(Records from a dataset)
━━━━━━━━━━━━━━━━━━━━━━━━━━━━━━
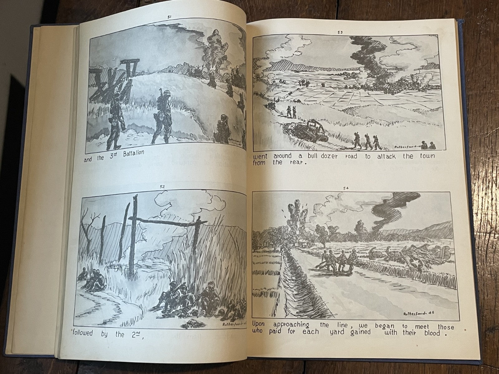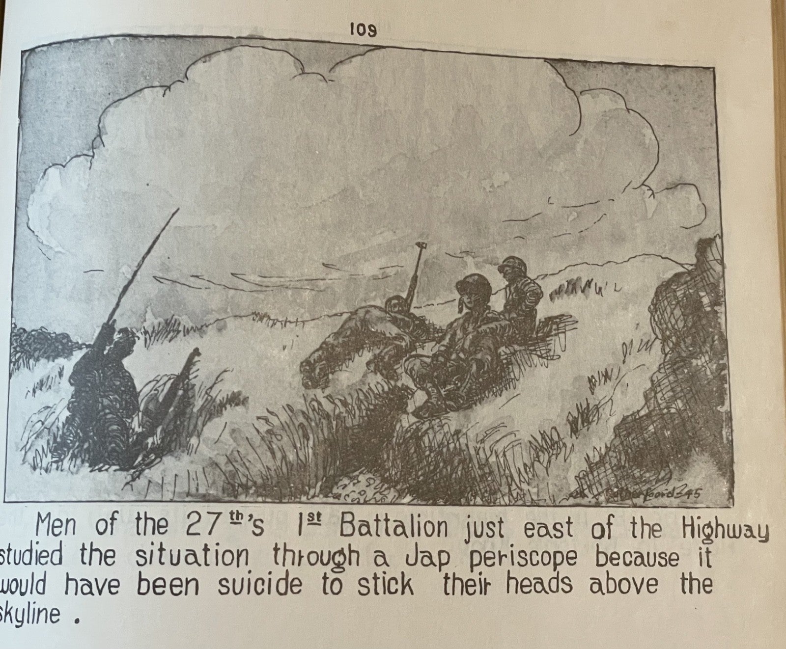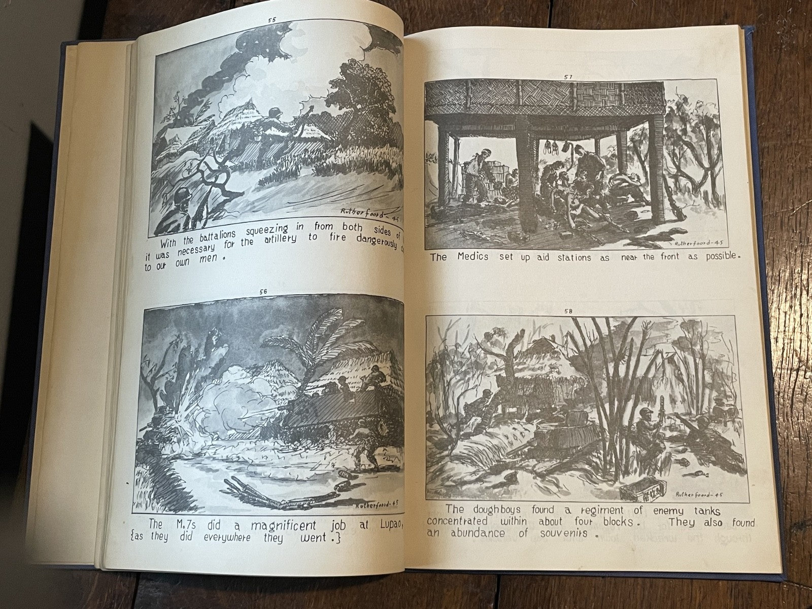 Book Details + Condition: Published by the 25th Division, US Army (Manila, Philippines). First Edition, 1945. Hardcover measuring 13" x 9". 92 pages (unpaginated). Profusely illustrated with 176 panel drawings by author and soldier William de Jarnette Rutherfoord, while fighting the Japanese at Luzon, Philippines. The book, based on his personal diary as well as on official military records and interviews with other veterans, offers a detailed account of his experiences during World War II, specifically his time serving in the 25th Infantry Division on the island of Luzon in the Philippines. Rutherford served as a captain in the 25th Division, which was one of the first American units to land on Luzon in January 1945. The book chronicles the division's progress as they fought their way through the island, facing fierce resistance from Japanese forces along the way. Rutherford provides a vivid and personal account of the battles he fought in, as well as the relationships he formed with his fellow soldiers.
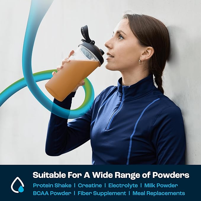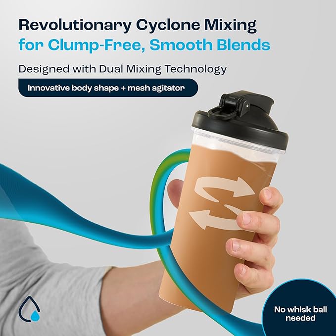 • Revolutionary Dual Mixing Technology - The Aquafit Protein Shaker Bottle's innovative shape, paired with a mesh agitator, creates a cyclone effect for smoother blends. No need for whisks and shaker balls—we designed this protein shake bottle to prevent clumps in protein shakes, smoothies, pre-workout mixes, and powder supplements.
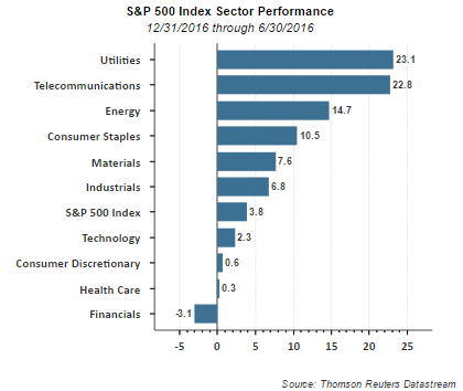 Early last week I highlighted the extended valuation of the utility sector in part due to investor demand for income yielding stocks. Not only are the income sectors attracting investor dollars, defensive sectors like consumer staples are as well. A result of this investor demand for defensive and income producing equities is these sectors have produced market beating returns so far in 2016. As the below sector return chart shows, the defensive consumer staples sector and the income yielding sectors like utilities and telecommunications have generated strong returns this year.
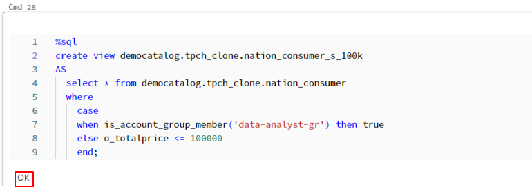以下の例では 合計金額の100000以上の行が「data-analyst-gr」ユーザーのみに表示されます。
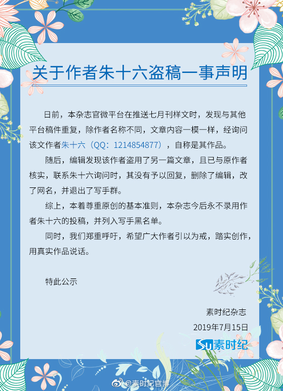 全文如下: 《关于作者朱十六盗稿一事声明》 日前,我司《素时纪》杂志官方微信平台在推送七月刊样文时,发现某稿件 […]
━━━━━━━━━━━━━━━━━━━━━━━━━━━━━━
WORK ITEM
Please retype the lines from the one that contains "Early last week" through the final line of the data, both included, without any pictures.

RESULT
 Early last week I highlighted the extended valuation of the utility sector in part due to investor demand for income yielding stocks. Not only are the income sectors attracting investor dollars, defensive sectors like consumer staples are as well. A result of this investor demand for defensive and income producing equities is these sectors have produced market beating returns so far in 2016. As the below sector return chart shows, the defensive consumer staples sector and the income yielding sectors like utilities and telecommunications have generated strong returns this year.
以下の例では 合計金額の100000以上の行が「data-analyst-gr」ユーザーのみに表示されます。
 全文如下: 《关于作者朱十六盗稿一事声明》 日前,我司《素时纪》杂志官方微信平台在推送七月刊样文时,发现某稿件 […]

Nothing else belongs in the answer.